100 Protestors Weather Storm to 'March Against Fracking'
March through Kent on Saturday ended with rally at The Kent Stage.
Around 100 Kent-area residents braved frigid temperatures and blowing snow late Saturday morning to protest fracking with a march from The Kent Stage to “the rock” on Kent State University’s historic front campus.
The protestors were greeted back at the theater with free hot chocolate, donuts and a lineup of speakers opposed to the hydraulic fracturing process.
The “March Against Fracking” was organized by Shalersville resident Mary Greer, a Kentite at heart, and her husband, former Kent resident George Sosebee. Both are members of Concerned Citizens Ohio.
“It was bitterly cold and the wind was blowing and people were all excited. They marched all the way to the rock, painted it and chanted ‘No Fracking Way,’” Greer said. “They were out there in that bitter cold for 47 minutes and they all came dripping back.”
Sosebee led the march to the drumbeat provided by Kent resident Shawn Cline. About 10 volunteer marshals helped ensure the large group crossed intersections along East Main Street safely. Participants included representatives of the national organization Food & Water Watch.
“Nearly everyone who drove by honked and waved and smiled and gave us the thumbs-up. There was no resistance or problems with people telling us we were crazy,” Greer said.
Greer said Voneida “talked about all the damages caused by horizontal hydraulic fracturing, the dangers to the aquifers, dangers to human health and dangers to property values.”
Frederick, said Greer, “told her story of having been poisoned for over a year by a fracked well that was placed within feet of her house, when it could have been placed farther away. She has permanent nerve, reproductive and digestive system damage.”
Greer said Davis delivered “a ‘We The People’ reminder about the intent of the U.S. Constitution saying the power resides in the people, not in the government.
“This relates to fracking because, in Ohio, fracking is allowed anywhere by law and people can’t say no to it. State law has pre-empted the rights of local citizens and municipalities to determine what they will accept,” Greer said.

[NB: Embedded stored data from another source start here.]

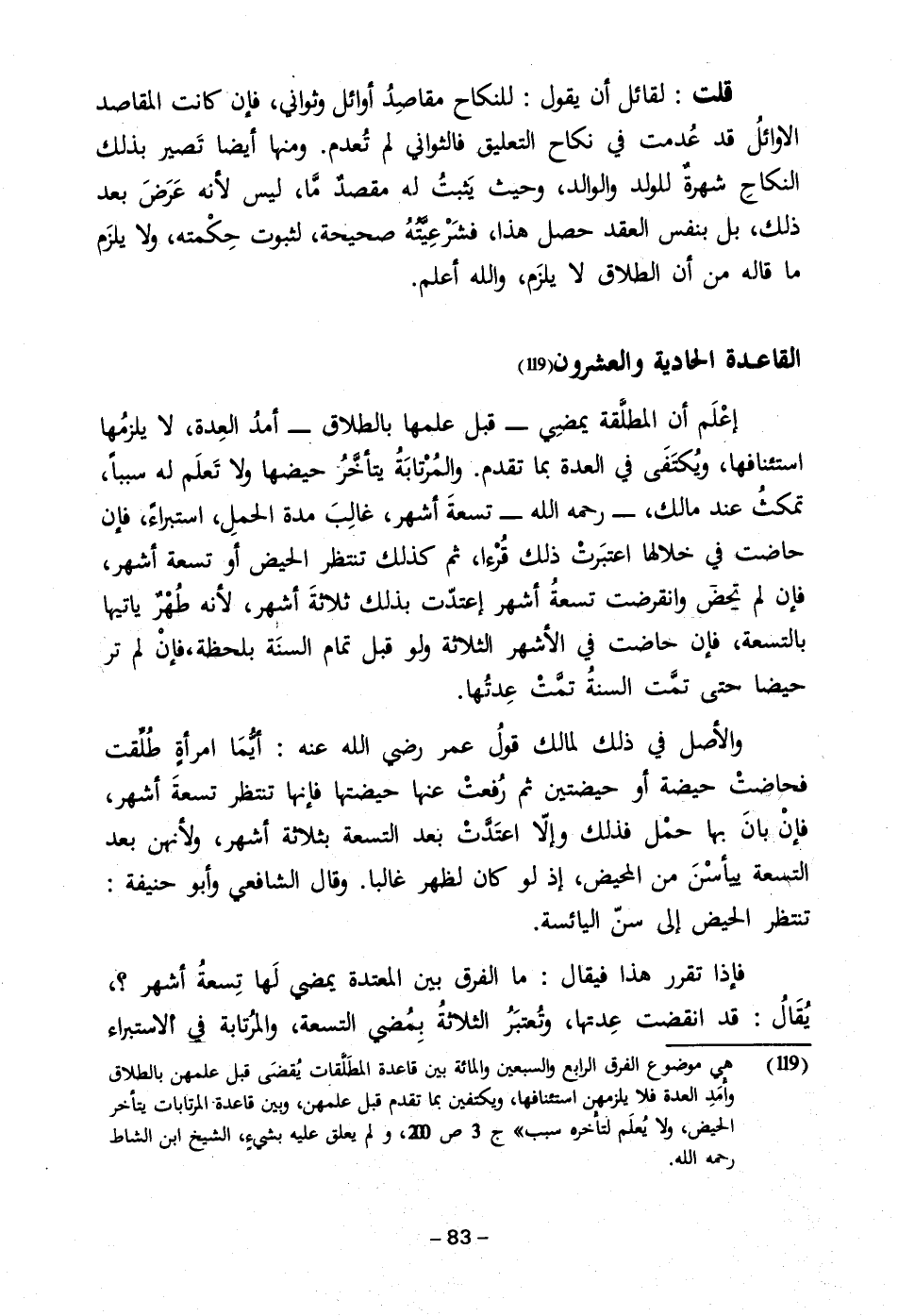 (١١٩) هي موضوع الفرق الرابع والسبعين والمائة بين قاعدة المطلقات يُقضَى قبل علمهن بالطلاق وأمَدِ العدة فلا يلزمهن استئنافها، ويكتفين بما تقدم قبل علمهن، وبين قاعدة المرتابات يتأخر الحيض، ولا يُعلم لتأَخره سبب" جـ ٣ ص ٢٠٠، ولم يعلق عليه بشيءٍ، الشيخ ابن الشاط رحمه الله.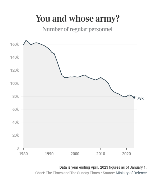 In 2021 the defence secretary announced plans to reduce the number of tanks from 227 to 148 and shrink the army to 73,000 troops, its smallest size since the Napoleonic era.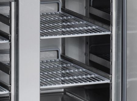 On retrouve cette table réfrigérée négative pour plateaux 325x410 de 4 portes avec dosseret en inox de haute qualité d'une capacité de 485 litres. Celui-ci fonctionne par refroidissement ventilé avec le gaz réfrigérant vert R290.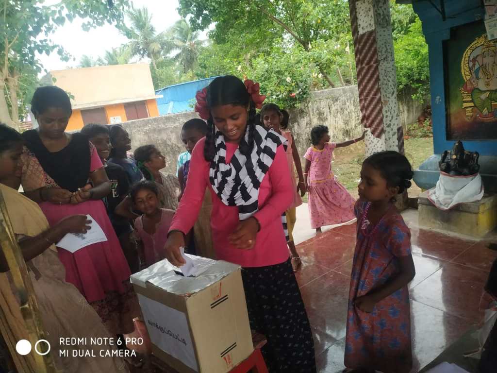 அவர் மாணவிகளிடம் இந்த சிறு வயதிலேயே உங்களுக்கு ஆளுமை திறனை வளர்ப்பதற்கு இந்த பாலிகா பஞ்சாயத்துவளர்ப்பதற்கு உறுதுணையாக இருக்கும் என்று கூறினார்.மாணவ மாணவிகளுக்கு வாழ்த்துக்களை தெரிவித்தார்.இத்தேர்தல் முடிந்தபின் வெற்றியாளர்களை என் தலைமையில் ஒரு விழாவாக வைத்து பதவியேற்க வைப்பேன் என்று கூறினார். சமூக குழு உறுப்பினர் திருமதி புஷ்பா மாணவர்களிடம் வாழ்த்துக்களையும் பாராட்டுகளையும் தெரிவித்துக்கொண்டு எங்களுடன் தேர்தல் முடியும் வரை இருந்து மாணவர்கள் கையில் மை இட்டார்.பின்னர் ஒவ்வொரு மாணவ மாணவிகளும் தங்கள் வாக்குகளை பதிவு செய்தனர்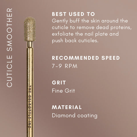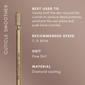 Our Cuticle Smoother and it's ergonomic design gently buffs the skin around the cuticle to remove dead proteins, exfoliate the nail plate and can support in preparing the cuticles. This final step to your cuticle prep can leave the skin polished and ready for nail plate preparation.

Next up on Greer’s agenda is the anti-fracking Town Meeting that will be held at 7:30 p.m. Feb. 17 in VanMeter Hall at Kent United Church of Christ, featuring speakers Vanessa Pesec and Ron Prosek.
Greer said the meeting’s purpose is to “discuss the problems related to fracking and what action residents can take. We want all of Kent to come and hear what they can do, because every voice is going to count in this fight.”